With no noticeable changes compared to the last year, there is a tendency to use an anti-virus solution (doubled by a firewall) which remains prevalent, while only the Americans also use the antispyware component. Instead, the interest in a Web filter is manifested in fewer than half of respondents, regardless of geographic spread. Regarding this, you can read the articles related to the Panda USB Vaccine.
Free vs. paid antivirus antivirus
To the surprise of those who made this barometer, the Americans (64%) most often use anti-virus programs (more accurately, security programs) that are free, while Europeans, in an overwhelming proportion (98% in France, 95% Spain, 94% Germany) seem willing to pay.
And when you raise the subject of updating the system, unfortunately, there are still managers who do not know if they have installed these updates, or if they are available. The barometer rose slightly from 2009, the percentage of those who responded honestly (but not incentive) telling they “do not know”, answers like this totalizing around 5% in Latin America, Europe 6% and 5% in Canada. The Americans are proved to be the most appropriate people who know the facts, stating that 88% have installed these updates, 12% saying that they did not install the updates.

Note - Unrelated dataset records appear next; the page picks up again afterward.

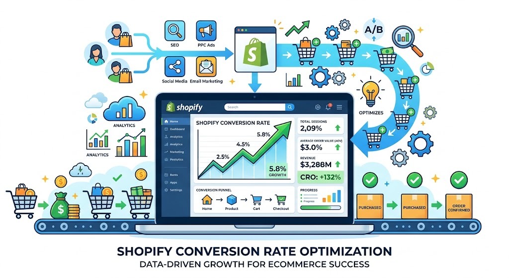 Learn Shopify conversion rate optimization strategies to turn visitors into customers. Discover proven CRO techniques, tools, and tips to increase your Shopify sales.
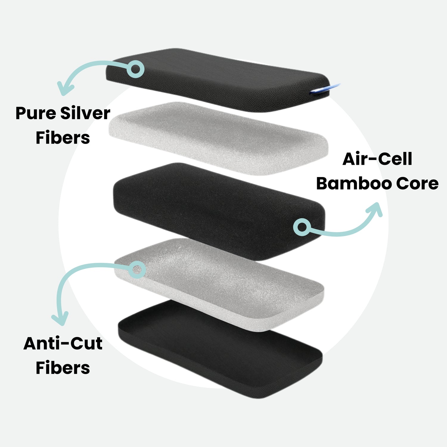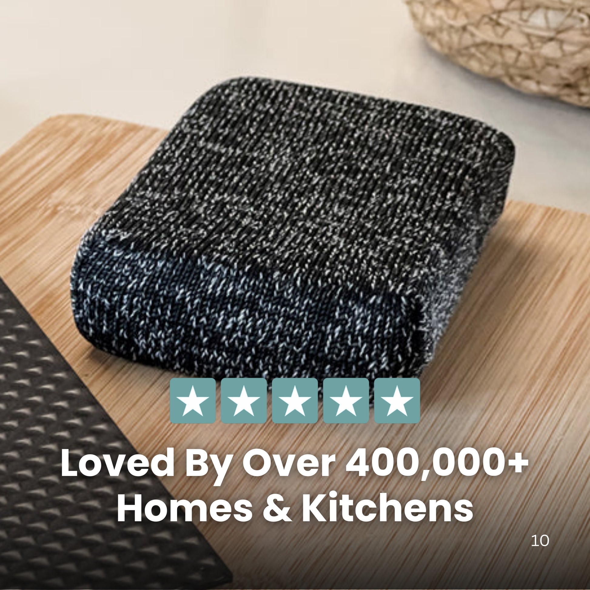 Every layer of the SilverSud™ Sponge is engineered for performance — silver fibers fight bacteria, protective fibers prevent wear, and the bamboo core adds strength while keeping its form and spring. Built to stay fresh, tough, and effective for years.
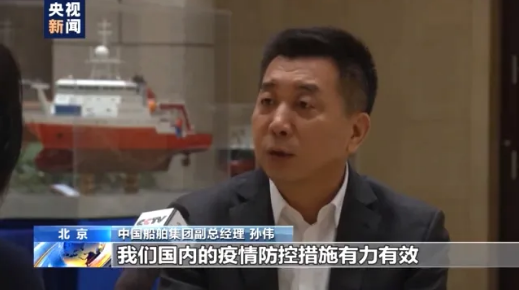 中國(guó)船舶集團(tuán)副總經(jīng)理 孫偉:其中重要的一條,就是我們國(guó)內(nèi)疫情防控措施有力有效,堅(jiān)定了船東對(duì)中國(guó)企業(yè)的信心,我們的研發(fā)人員主動(dòng)作為、創(chuàng)新工作,確保了在疫情下和客戶的溝通交流各個(gè)環(huán)節(jié)的暢通、高效。
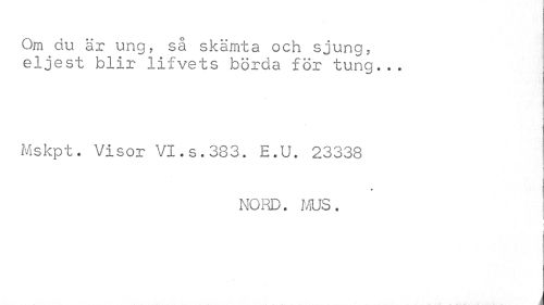 //// j //// Om du är ung, så skämta och sjung, eljest blir lifvets börda för tung... //// Mskpt. Visor VI.s.333. E.U. 23338 //// ? \ //// NORD. MUS. ////
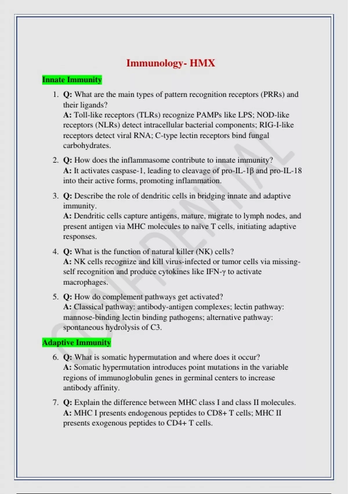 7. Q: Explain the difference between MHC class I and class II molecules.
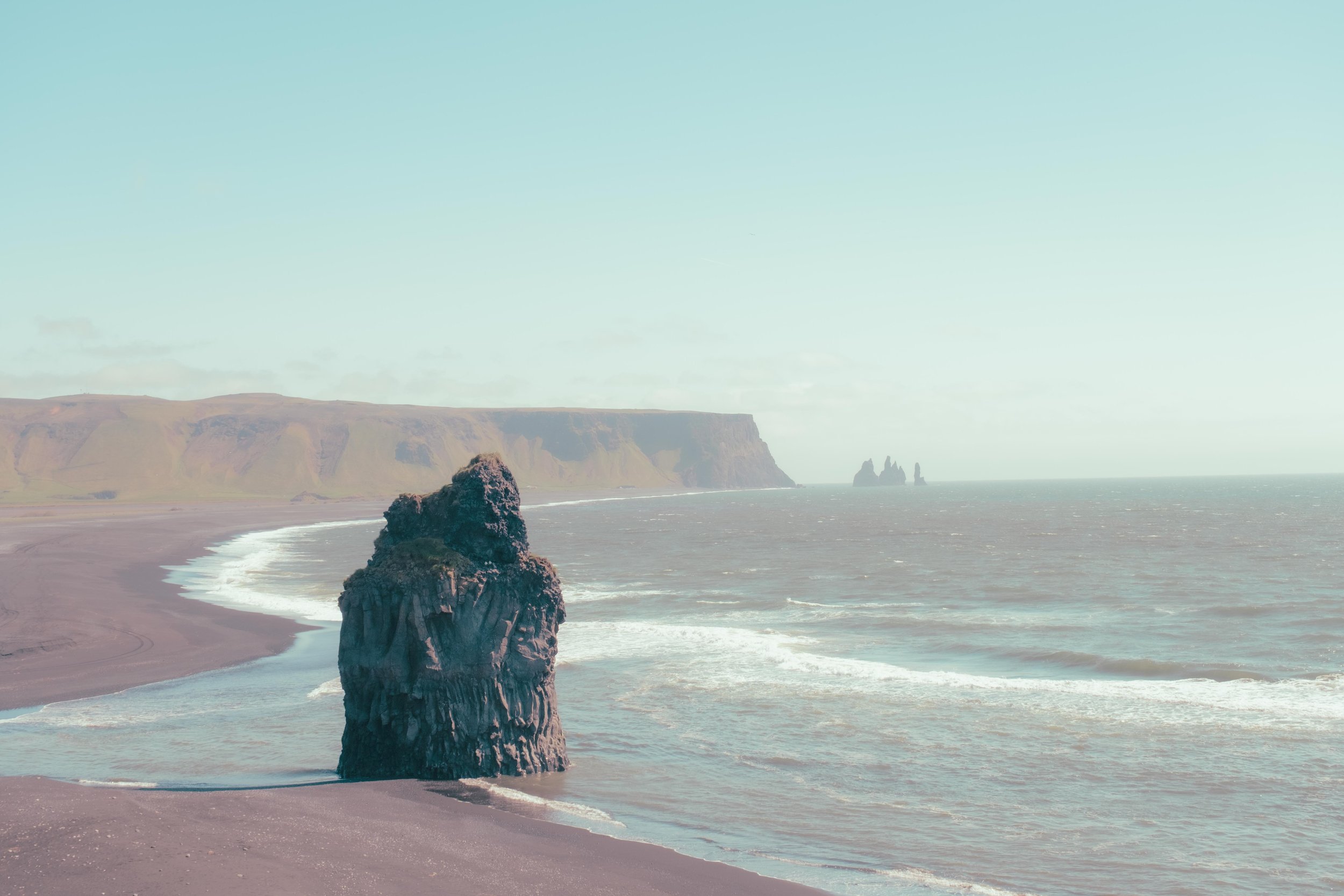 A rocky sea stack on a black sandy beach with cliffs in the background and the ocean.
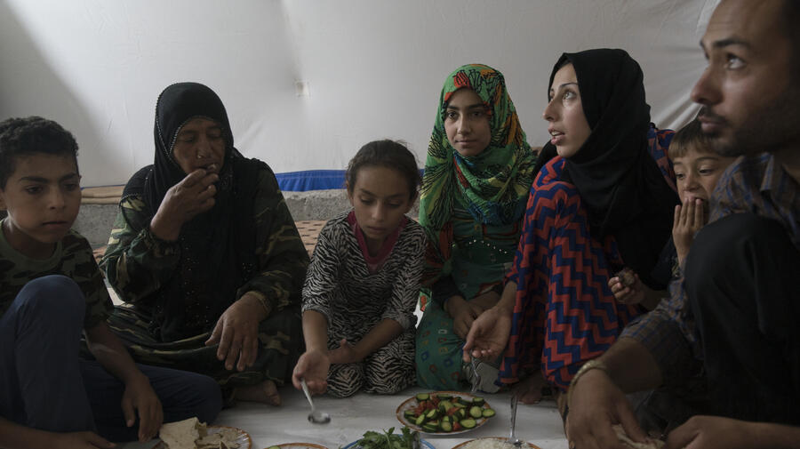 During the month of Ramadan local aid organizations partnering with UNHCR have increased food donations to families living in camps for refugees and displaced people. In Baharka camp one aid organization distributed three kilograms of chicken to each family at the start of the holy month, another provided a hot iftar meal to each of the camp's residents, but for the vast majority of Ramadan, families like Yazi's have had to fend for themselves.

Beyond explanations referring to the current economic situation, there are not few aberrant cases like these ones: in Peru, 17% of respondents believe these programs are unnecessary, while the remaining 83% still think if they are good or not, or in Belgium, 30% of respondents are dissatisfied with the resources consumed or some cases are truly hilarious (14% of Spanish people said they do not use the computers and they do not have a reason to invest in their security.
These answers came from managers or employers that manage the business departments of a large number of companies (SMBs / Small and Medium-size business = less than 1000 employees) that do not seem at all concerned about the online security.